▶ _WORK ITEM_
From the first line to the last, reproduce the records below exactly, omitting any picture.

== INPUT RECORDS ==

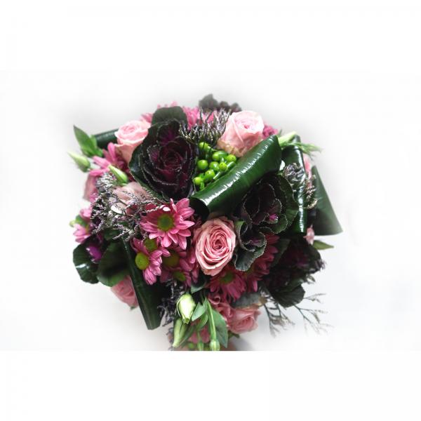 Pembe gül,biçme,lisyantus,hyperecum ve aspidstra yaprakları ile hazırlanmış kır buketi .
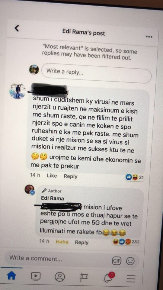 Kryeministri i Republikës së Shqipërisë, Edi Rama, njihet gjerësisht për stilin e tij të komunikimit të publikt që përfshin edhe replikimin direkt në komente me qytetarët e thjeshtë që i komentojnë në postimet e tij në Facebook. Kësaj here, reagimi i tij ndaj një konspiracioni është epik.
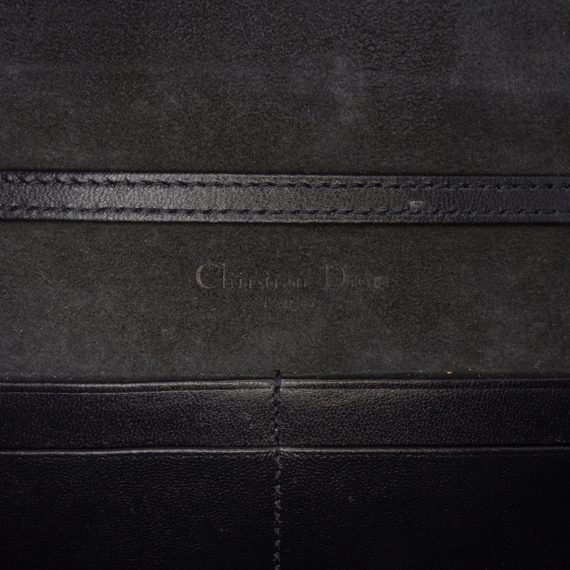 The Diorama wallet on chain features a studded denim body, a chain link shoulder strap, a front flap with a push lock closure, and interior zip and slip pockets. Retail Price: 1850.00
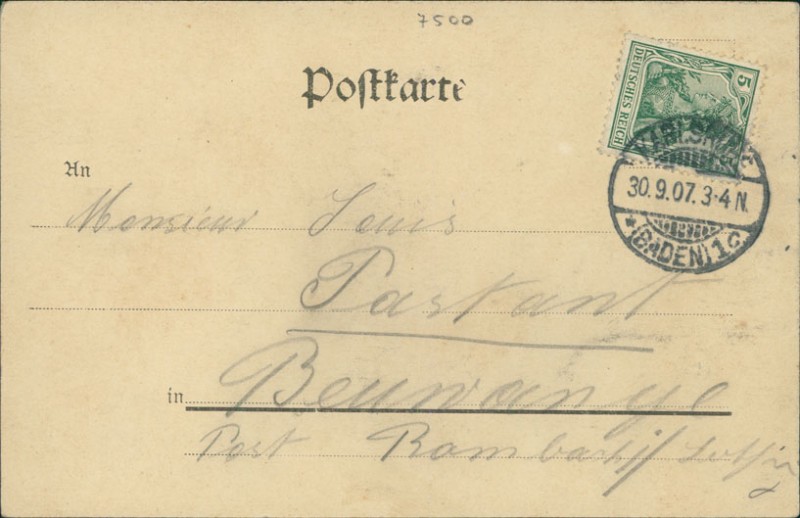 Alte Ansichtskarte aus Karlsruhe, gelaufen am 30.09.1907.
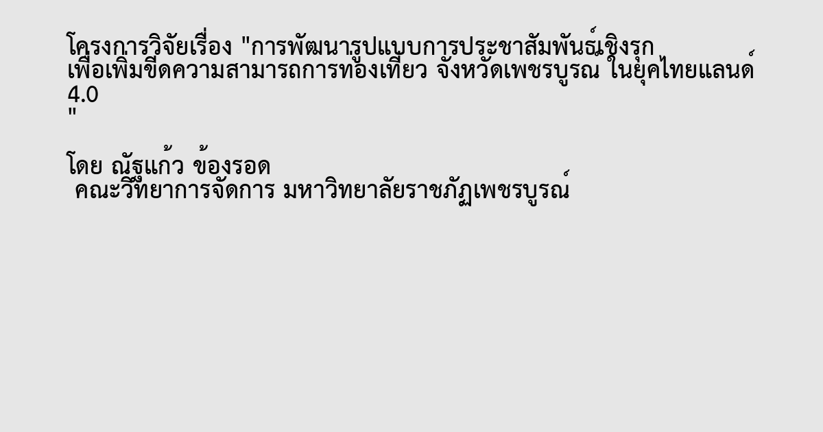 การวิจัยครั้งนี้มีวัตถุประสงค์ เพื่อศึกษาศักยภาพการประชาสัมพันธ์เพื่อการท่องเที่ยวจังหวัดเพชรบูรณ์ ในยุคไทยแลนด์ 4.0 เพื่อพัฒนารูปแบบการประชาสัมพันธ์เชิงรุกเพื่อเพิ่มขีดความสามารถในการท่องเที่ยวจังหวัดเพชรบูรณ์ ในยุคไทยแลนด์ 4.0 และ เพื่อเสนอรูปแบบการประชาสัมพันธ์เชิงรุกเพื่อเพิ่มขีดความสามารถในการท่องเที่ยวจังหวัดเพชรบูรณ์ ในยุคไทยแลนด์ 4.0

===

▶ _TASK OUTPUT_
 Pembe gül,biçme,lisyantus,hyperecum ve aspidstra yaprakları ile hazırlanmış kır buketi .
 Kryeministri i Republikës së Shqipërisë, Edi Rama, njihet gjerësisht për stilin e tij të komunikimit të publikt që përfshin edhe replikimin direkt në komente me qytetarët e thjeshtë që i komentojnë në postimet e tij në Facebook. Kësaj here, reagimi i tij ndaj një konspiracioni është epik.
 The Diorama wallet on chain features a studded denim body, a chain link shoulder strap, a front flap with a push lock closure, and interior zip and slip pockets. Retail Price: 1850.00
 Alte Ansichtskarte aus Karlsruhe, gelaufen am 30.09.1907.
 การวิจัยครั้งนี้มีวัตถุประสงค์ เพื่อศึกษาศักยภาพการประชาสัมพันธ์เพื่อการท่องเที่ยวจังหวัดเพชรบูรณ์ ในยุคไทยแลนด์ 4.0 เพื่อพัฒนารูปแบบการประชาสัมพันธ์เชิงรุกเพื่อเพิ่มขีดความสามารถในการท่องเที่ยวจังหวัดเพชรบูรณ์ ในยุคไทยแลนด์ 4.0 และ เพื่อเสนอรูปแบบการประชาสัมพันธ์เชิงรุกเพื่อเพิ่มขีดความสามารถในการท่องเที่ยวจังหวัดเพชรบูรณ์ ในยุคไทยแลนด์ 4.0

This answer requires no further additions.